» **Exercise objective**
An exact copy of all the data below is needed.

[Saved data entries]
╭──
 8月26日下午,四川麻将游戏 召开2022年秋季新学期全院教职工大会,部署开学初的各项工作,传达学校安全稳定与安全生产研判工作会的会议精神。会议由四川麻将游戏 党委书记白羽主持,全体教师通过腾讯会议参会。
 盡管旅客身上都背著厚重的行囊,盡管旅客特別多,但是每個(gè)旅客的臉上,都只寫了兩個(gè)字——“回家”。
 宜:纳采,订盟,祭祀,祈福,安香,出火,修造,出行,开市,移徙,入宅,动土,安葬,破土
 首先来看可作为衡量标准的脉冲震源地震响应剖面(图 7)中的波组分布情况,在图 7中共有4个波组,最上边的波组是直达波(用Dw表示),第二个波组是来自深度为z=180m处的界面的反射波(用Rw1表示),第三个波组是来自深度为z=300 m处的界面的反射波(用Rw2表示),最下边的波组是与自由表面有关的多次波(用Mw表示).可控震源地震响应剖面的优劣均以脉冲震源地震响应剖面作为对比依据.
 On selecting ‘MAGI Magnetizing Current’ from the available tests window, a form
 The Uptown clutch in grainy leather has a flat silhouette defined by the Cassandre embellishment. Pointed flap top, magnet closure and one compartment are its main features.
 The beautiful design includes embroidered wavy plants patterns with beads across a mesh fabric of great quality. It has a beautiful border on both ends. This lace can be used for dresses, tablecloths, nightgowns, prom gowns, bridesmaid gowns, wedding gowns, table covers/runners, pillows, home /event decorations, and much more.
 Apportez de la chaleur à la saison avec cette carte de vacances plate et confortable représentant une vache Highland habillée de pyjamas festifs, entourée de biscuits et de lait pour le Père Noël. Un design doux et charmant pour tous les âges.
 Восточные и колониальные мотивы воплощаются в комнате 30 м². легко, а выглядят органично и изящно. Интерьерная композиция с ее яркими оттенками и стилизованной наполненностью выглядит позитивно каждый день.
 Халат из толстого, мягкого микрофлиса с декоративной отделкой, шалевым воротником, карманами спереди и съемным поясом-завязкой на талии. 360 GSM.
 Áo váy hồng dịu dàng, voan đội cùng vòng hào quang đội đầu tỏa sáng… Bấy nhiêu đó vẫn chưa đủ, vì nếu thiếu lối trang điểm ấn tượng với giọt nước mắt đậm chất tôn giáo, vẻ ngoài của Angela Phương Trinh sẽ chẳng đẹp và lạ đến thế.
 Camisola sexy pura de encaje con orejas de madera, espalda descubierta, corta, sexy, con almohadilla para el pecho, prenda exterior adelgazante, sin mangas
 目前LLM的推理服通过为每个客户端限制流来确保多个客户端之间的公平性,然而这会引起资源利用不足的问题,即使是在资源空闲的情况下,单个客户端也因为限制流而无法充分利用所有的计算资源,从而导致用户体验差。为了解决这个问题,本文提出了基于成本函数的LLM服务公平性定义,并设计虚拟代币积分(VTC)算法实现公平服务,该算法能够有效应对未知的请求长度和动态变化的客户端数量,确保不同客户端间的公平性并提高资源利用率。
╰──
» **Your response**
 8月26日下午,四川麻将游戏 召开2022年秋季新学期全院教职工大会,部署开学初的各项工作,传达学校安全稳定与安全生产研判工作会的会议精神。会议由四川麻将游戏 党委书记白羽主持,全体教师通过腾讯会议参会。
 盡管旅客身上都背著厚重的行囊,盡管旅客特別多,但是每個(gè)旅客的臉上,都只寫了兩個(gè)字——“回家”。
 宜:纳采,订盟,祭祀,祈福,安香,出火,修造,出行,开市,移徙,入宅,动土,安葬,破土
 首先来看可作为衡量标准的脉冲震源地震响应剖面(图 7)中的波组分布情况,在图 7中共有4个波组,最上边的波组是直达波(用Dw表示),第二个波组是来自深度为z=180m处的界面的反射波(用Rw1表示),第三个波组是来自深度为z=300 m处的界面的反射波(用Rw2表示),最下边的波组是与自由表面有关的多次波(用Mw表示).可控震源地震响应剖面的优劣均以脉冲震源地震响应剖面作为对比依据.
 On selecting ‘MAGI Magnetizing Current’ from the available tests window, a form
 The Uptown clutch in grainy leather has a flat silhouette defined by the Cassandre embellishment. Pointed flap top, magnet closure and one compartment are its main features.
 The beautiful design includes embroidered wavy plants patterns with beads across a mesh fabric of great quality. It has a beautiful border on both ends. This lace can be used for dresses, tablecloths, nightgowns, prom gowns, bridesmaid gowns, wedding gowns, table covers/runners, pillows, home /event decorations, and much more.
 Apportez de la chaleur à la saison avec cette carte de vacances plate et confortable représentant une vache Highland habillée de pyjamas festifs, entourée de biscuits et de lait pour le Père Noël. Un design doux et charmant pour tous les âges.
 Восточные и колониальные мотивы воплощаются в комнате 30 м². легко, а выглядят органично и изящно. Интерьерная композиция с ее яркими оттенками и стилизованной наполненностью выглядит позитивно каждый день.
 Халат из толстого, мягкого микрофлиса с декоративной отделкой, шалевым воротником, карманами спереди и съемным поясом-завязкой на талии. 360 GSM.
 Áo váy hồng dịu dàng, voan đội cùng vòng hào quang đội đầu tỏa sáng… Bấy nhiêu đó vẫn chưa đủ, vì nếu thiếu lối trang điểm ấn tượng với giọt nước mắt đậm chất tôn giáo, vẻ ngoài của Angela Phương Trinh sẽ chẳng đẹp và lạ đến thế.
 Camisola sexy pura de encaje con orejas de madera, espalda descubierta, corta, sexy, con almohadilla para el pecho, prenda exterior adelgazante, sin mangas
 目前LLM的推理服通过为每个客户端限制流来确保多个客户端之间的公平性,然而这会引起资源利用不足的问题,即使是在资源空闲的情况下,单个客户端也因为限制流而无法充分利用所有的计算资源,从而导致用户体验差。为了解决这个问题,本文提出了基于成本函数的LLM服务公平性定义,并设计虚拟代币积分(VTC)算法实现公平服务,该算法能够有效应对未知的请求长度和动态变化的客户端数量,确保不同客户端间的公平性并提高资源利用率。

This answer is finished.